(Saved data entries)
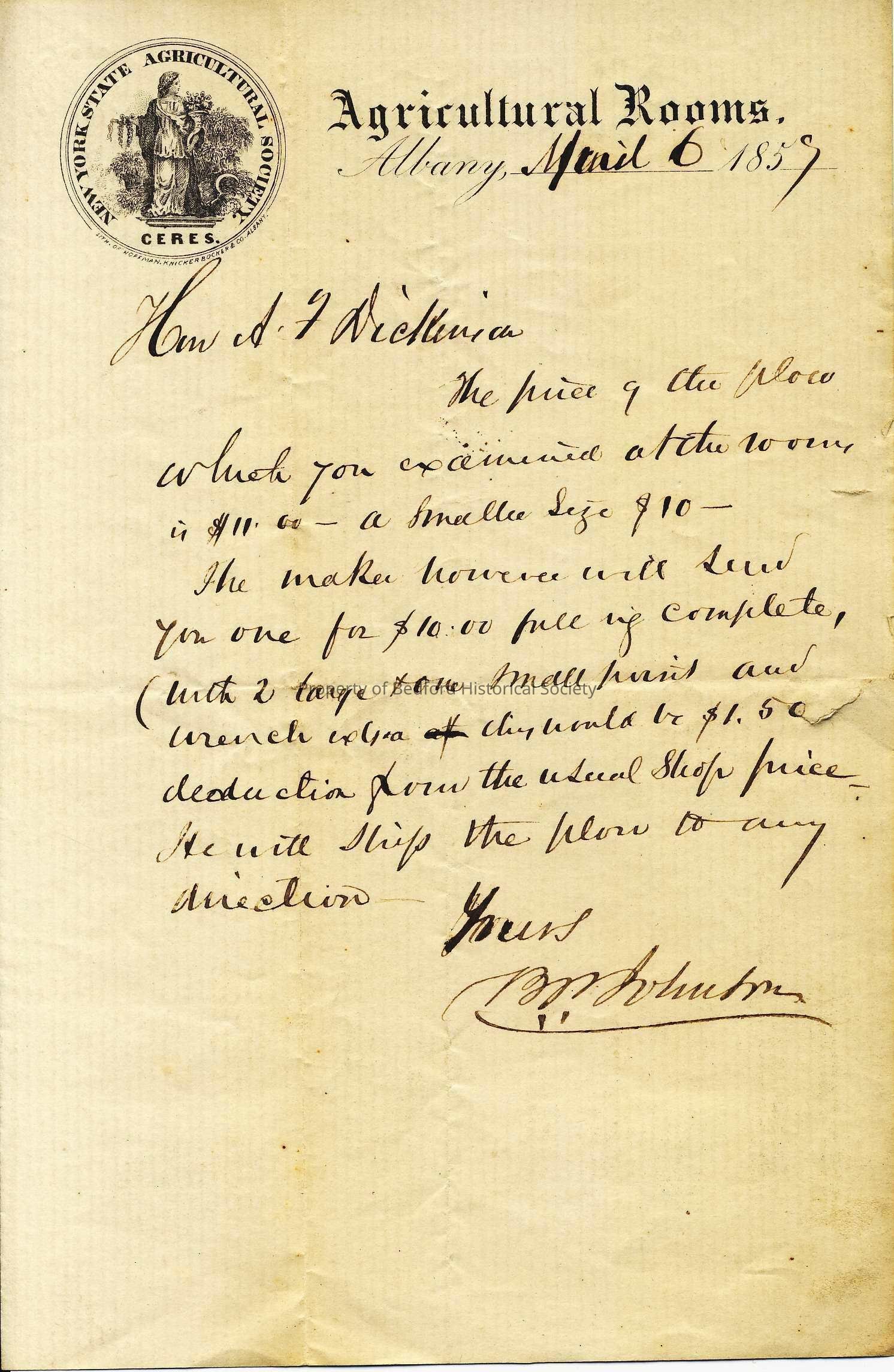 Letter from B.P. Johnson to A.F.Dickinson, 1857
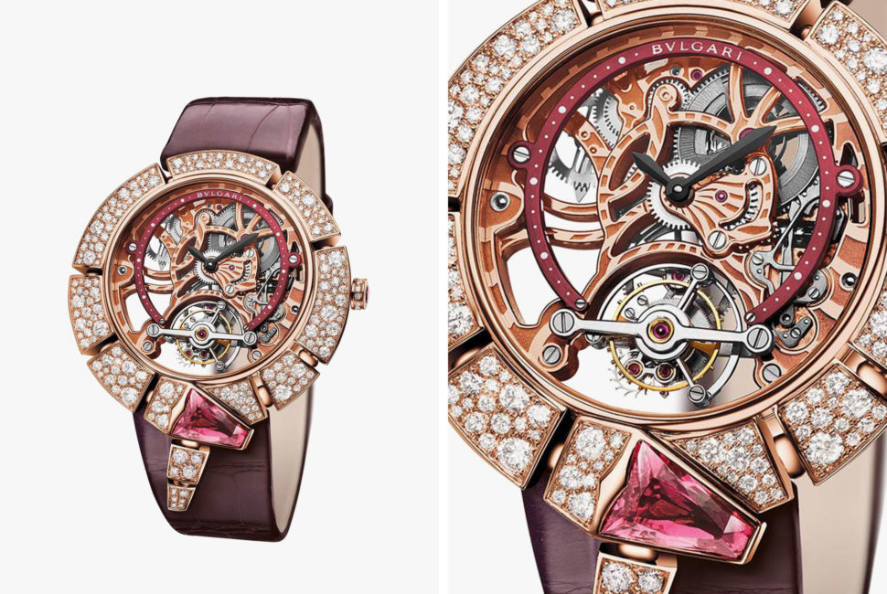 The only thing that can upstage a skeletonized dial showing off Bulgari’s tourbillon movement: a pink gold case, shaped like a serpent and incrusted with 209 diamonds and two rubellites.
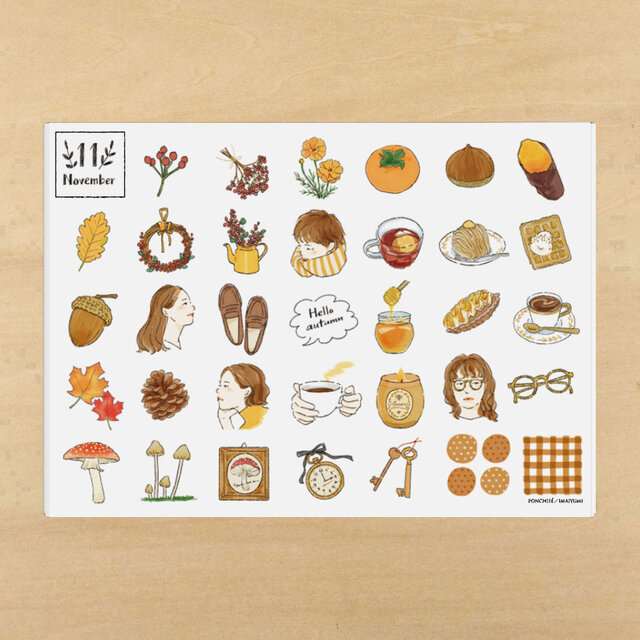 11月の季節のモチーフ31種類が詰まったマスキングシート(弱粘着シール)です。
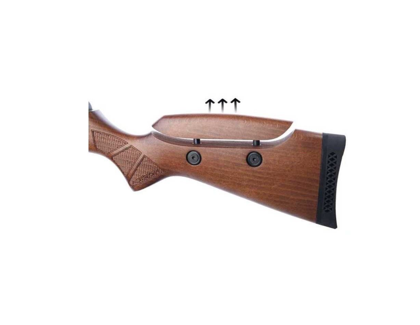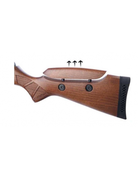 Carabina con cuerpo fabricado en madera de haya, carrillera ajustable, con cantonera de goma ventilada para una reducción eficaz del retroceso.
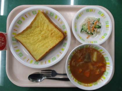 今日の給食は、フレンチトースト、ビーンズシチュー、大根とツナのサラダ、牛乳です。フレンチトーストは、バニラオイルで香りづけをした卵液をたっぷりしみこませてオーブンで焼きました。やさしい甘さが子どもたちに人気です。

Exercise brief
Go back to the records above and write them out exactly, without the pictures.

Written reply
 Letter from B.P. Johnson to A.F.Dickinson, 1857
 The only thing that can upstage a skeletonized dial showing off Bulgari’s tourbillon movement: a pink gold case, shaped like a serpent and incrusted with 209 diamonds and two rubellites.
 11月の季節のモチーフ31種類が詰まったマスキングシート(弱粘着シール)です。
 Carabina con cuerpo fabricado en madera de haya, carrillera ajustable, con cantonera de goma ventilada para una reducción eficaz del retroceso.
 今日の給食は、フレンチトースト、ビーンズシチュー、大根とツナのサラダ、牛乳です。フレンチトーストは、バニラオイルで香りづけをした卵液をたっぷりしみこませてオーブンで焼きました。やさしい甘さが子どもたちに人気です。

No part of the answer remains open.